- [Task instructions] Look below for the line that contains "Sandalia plana tipo", then quote it and all the lines after it, exactly, with the pictures left out.

#### Data records

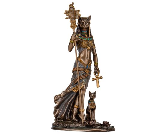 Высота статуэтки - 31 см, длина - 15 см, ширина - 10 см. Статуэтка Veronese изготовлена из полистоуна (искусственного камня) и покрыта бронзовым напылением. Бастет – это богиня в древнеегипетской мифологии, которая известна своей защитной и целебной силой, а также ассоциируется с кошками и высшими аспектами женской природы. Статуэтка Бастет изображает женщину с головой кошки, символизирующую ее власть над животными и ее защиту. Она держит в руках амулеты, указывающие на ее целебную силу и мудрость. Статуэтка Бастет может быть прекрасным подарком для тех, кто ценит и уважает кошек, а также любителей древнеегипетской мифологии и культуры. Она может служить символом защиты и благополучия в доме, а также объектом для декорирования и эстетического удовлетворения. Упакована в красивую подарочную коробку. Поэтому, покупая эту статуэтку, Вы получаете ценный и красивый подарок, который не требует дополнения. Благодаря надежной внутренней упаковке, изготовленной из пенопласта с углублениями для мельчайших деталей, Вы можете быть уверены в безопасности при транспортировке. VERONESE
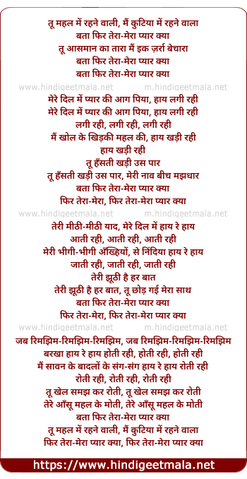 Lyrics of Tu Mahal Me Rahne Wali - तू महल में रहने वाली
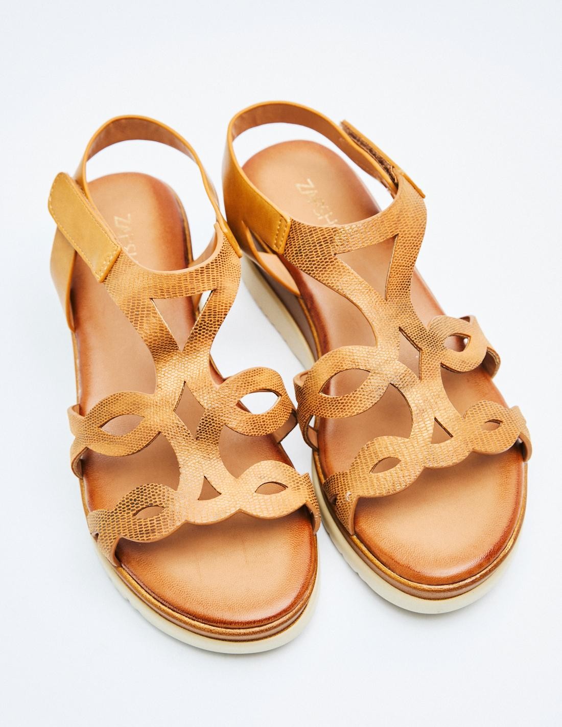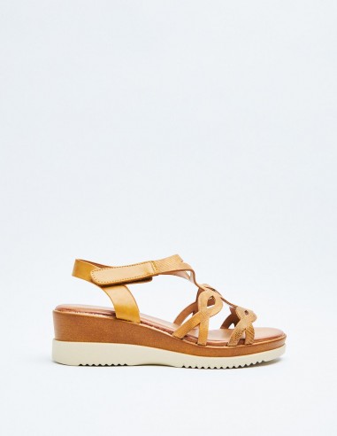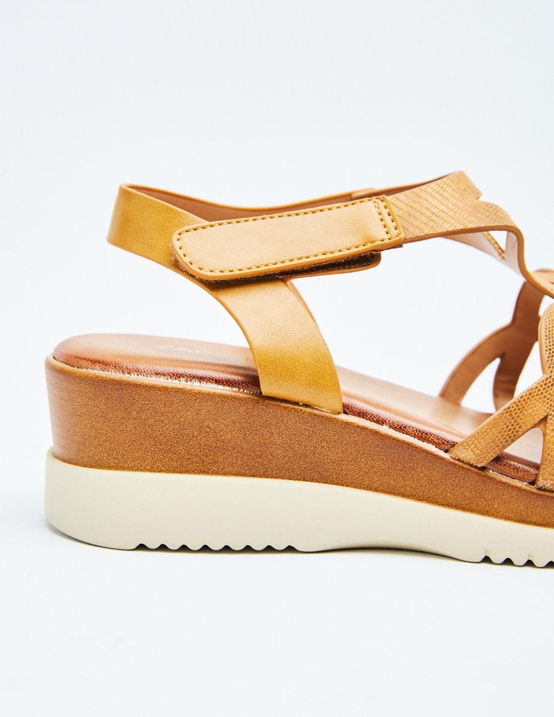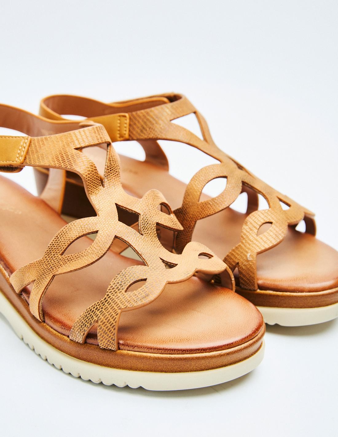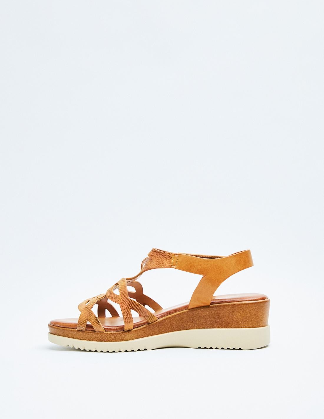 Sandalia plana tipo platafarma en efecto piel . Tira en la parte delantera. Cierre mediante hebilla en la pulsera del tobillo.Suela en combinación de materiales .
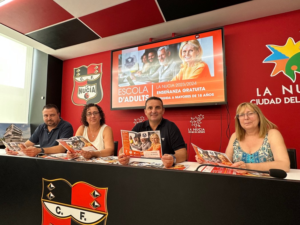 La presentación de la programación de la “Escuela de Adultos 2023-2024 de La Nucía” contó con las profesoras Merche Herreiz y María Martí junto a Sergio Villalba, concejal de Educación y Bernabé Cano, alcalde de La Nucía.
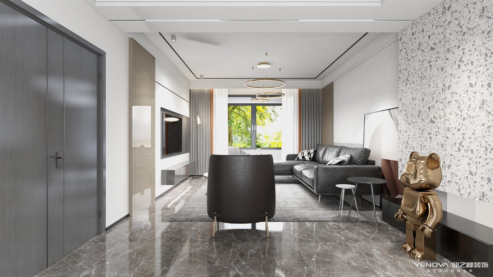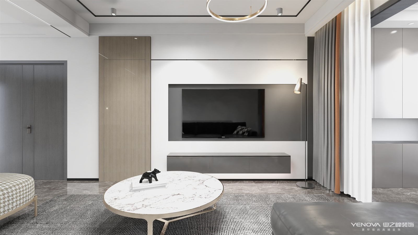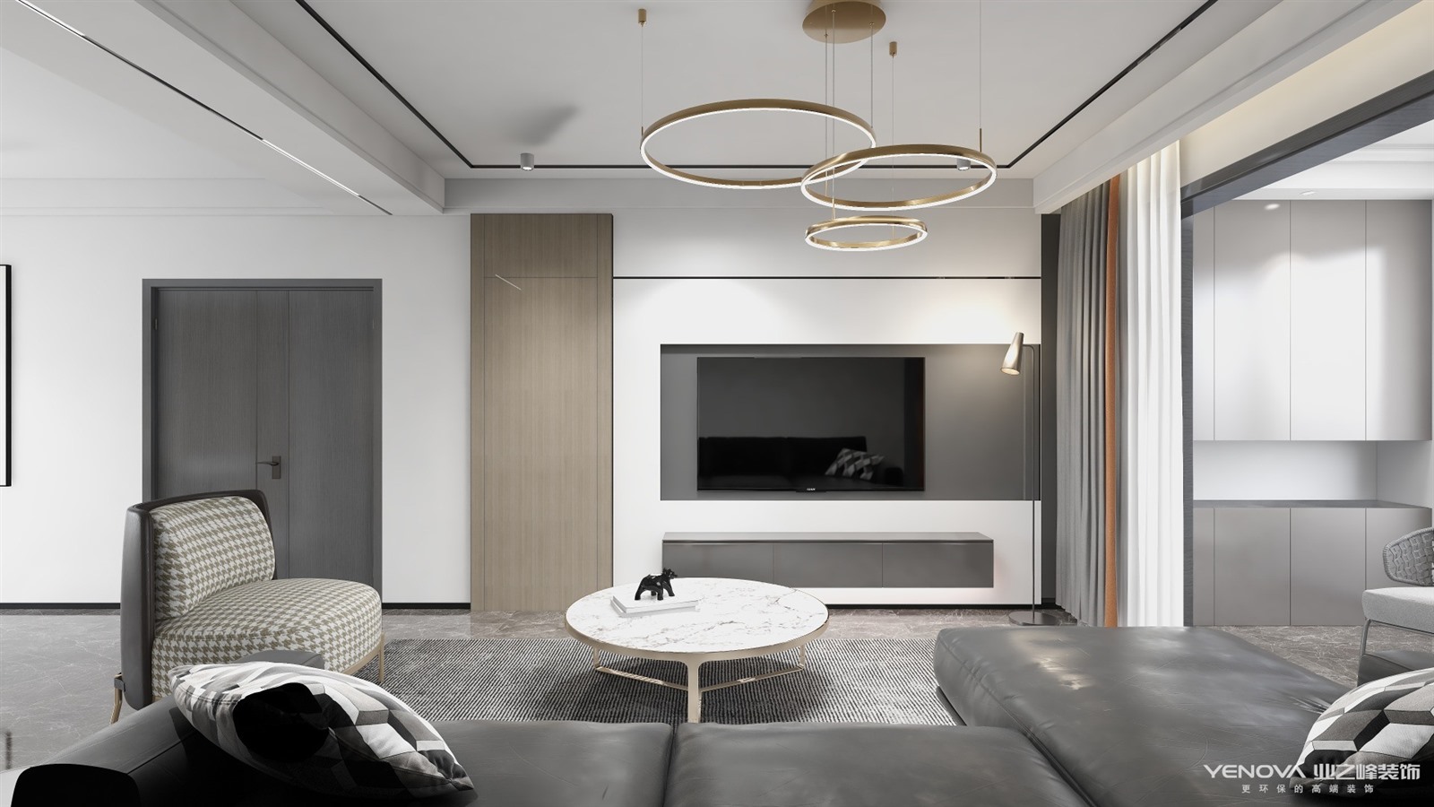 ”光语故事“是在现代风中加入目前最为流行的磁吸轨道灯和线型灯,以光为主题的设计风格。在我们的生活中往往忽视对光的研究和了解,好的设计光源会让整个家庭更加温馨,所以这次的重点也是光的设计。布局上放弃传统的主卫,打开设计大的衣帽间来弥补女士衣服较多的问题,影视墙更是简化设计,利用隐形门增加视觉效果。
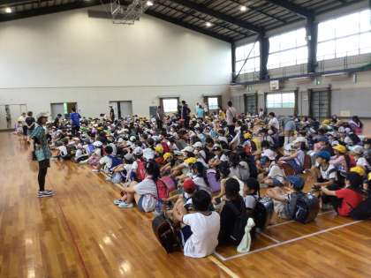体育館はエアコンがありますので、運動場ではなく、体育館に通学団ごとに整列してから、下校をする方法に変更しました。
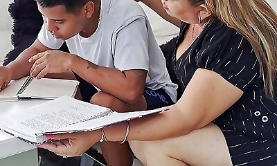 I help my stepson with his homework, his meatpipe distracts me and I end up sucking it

########

- [Expected answer]
 Sandalia plana tipo platafarma en efecto piel . Tira en la parte delantera. Cierre mediante hebilla en la pulsera del tobillo.Suela en combinación de materiales .
 La presentación de la programación de la “Escuela de Adultos 2023-2024 de La Nucía” contó con las profesoras Merche Herreiz y María Martí junto a Sergio Villalba, concejal de Educación y Bernabé Cano, alcalde de La Nucía.
 ”光语故事“是在现代风中加入目前最为流行的磁吸轨道灯和线型灯,以光为主题的设计风格。在我们的生活中往往忽视对光的研究和了解,好的设计光源会让整个家庭更加温馨,所以这次的重点也是光的设计。布局上放弃传统的主卫,打开设计大的衣帽间来弥补女士衣服较多的问题,影视墙更是简化设计,利用隐形门增加视觉效果。
体育館はエアコンがありますので、運動場ではなく、体育館に通学団ごとに整列してから、下校をする方法に変更しました。
 I help my stepson with his homework, his meatpipe distracts me and I end up sucking it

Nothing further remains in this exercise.